I’ve been working with colleagues on these pages for the past few months:

Winterwatch – data and commentary on how the NHS has coped during the Winter of 2010/11

Health and care – ongoing coverage and conversations about changes to the NHS and public health in England

Both sets of pages use WordPress and in the midst of some editing and publishing this morning, the work I was doing struck me as being remarkably familiar.

My first job was as a reporter at Chronicle Newspapers in Kent. Back then I used to research stories, write copy and help with the planning of each week’s paper.

My career moved on to magazines, and publishing technology, on- and off-line became even better. Out went the compositor with his scalpels, in came the Mac-savvy Quark wizard.

An old Apple Mac SE

An old Mac, tight deadlines but with freedom to create - an experience faithfully recreated by WordPress. Image courtesy of http://www.flickr.com/photos/mrmonochrome/

From independent magazines I moved to custom publishing, B2B journals such as European Pharmaceutical Review, and back to custom publishing for a short while. More and more work was delivered online in the form of websites and social media and at the same time my roles started to change too: less and less writing and creative input, much more management. That was OK though; I genuinely enjoy planning, management and administration. But it also meant that the production work became more technical and more specialist.

I started at Department of Health (DH) in July 2009 and, I thought, that was that. My new role wasn’t necessarily going to involve creating and publishing any original content. It didn’t matter to me too much, because I had my own blogs and Twitter to feed the writing habit.

Then we launched a WordPress platform at DH for greater flexibility, and it opened up all sorts of possibilities.
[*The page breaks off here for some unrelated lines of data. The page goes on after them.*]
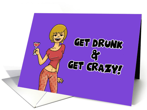 Humorous Birthday card with a cartoon woman on a purple background. The words say: Get Drunk & Get Crazy! Inside says: I meant, have a nice birthday!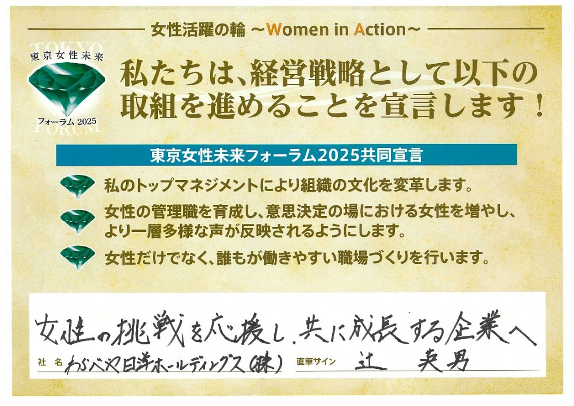 当社は、女性活躍・ダイバーシティ経営に向けた共同宣言に賛同し、東京都が推進する「東京女性リーダーズ応援ネットワーク」に参加いたしましたので、お知らせいたします。
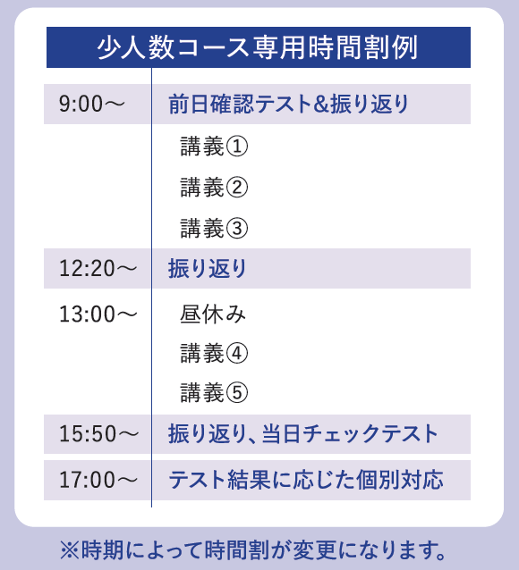 少人数コースの時間割例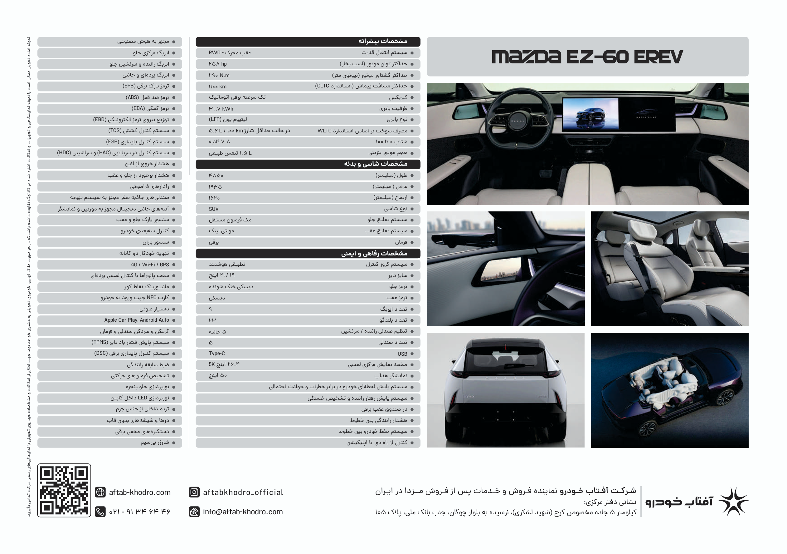 آذر 1404: شرکت آفتاب خودرو، به عنوان واردکننده محصولات مزدا در ایران، اکنون کاتالوگ رسمی کراس اور برقی مزدا را منتشر کرده است. مزدا EZ-60 یک کراس اور با پیشرانه بردافزا بوده که مخصوص بازار چین است که قرار شده به زودی در ایران توسط آفتاب خودرو عرضه شود: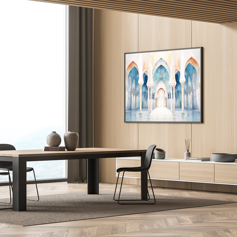 Bring tranquility and elegance into your space with this stunning watercolor wall art featuring a series of serene arches. The soft, flowing hues of blue and beige create a peaceful atmosphere, while the intricate details of the arches add a touch of architectural beauty. This piece is perfect for those who appreciate the blend of art and architecture and wish to add a calming and sophisticated element to their decor.

We’re now commissioning and editing content in a much more dynamic and imaginative way than we ever could previously. Our work can be more reactive, because publishing to WordPress is so quick and easy. No long lead-times, complicated cross-linking or rigid page layouts. Today, the process feels much more like it used to be at the paper: writing up the AGM of the local Women’s Institute and sending it ‘down the wire’ to the print room.

WordPress is not without its limitations of course, and anyone can tell just by reading this blog that I am no expert. My colleagues can take the credit for the good stuff at DH.

But, 11 years later, in a completely different sector, in an organisation 3000 times larger than the first, I feel closer to that tiny newsroom than I have done in a long while.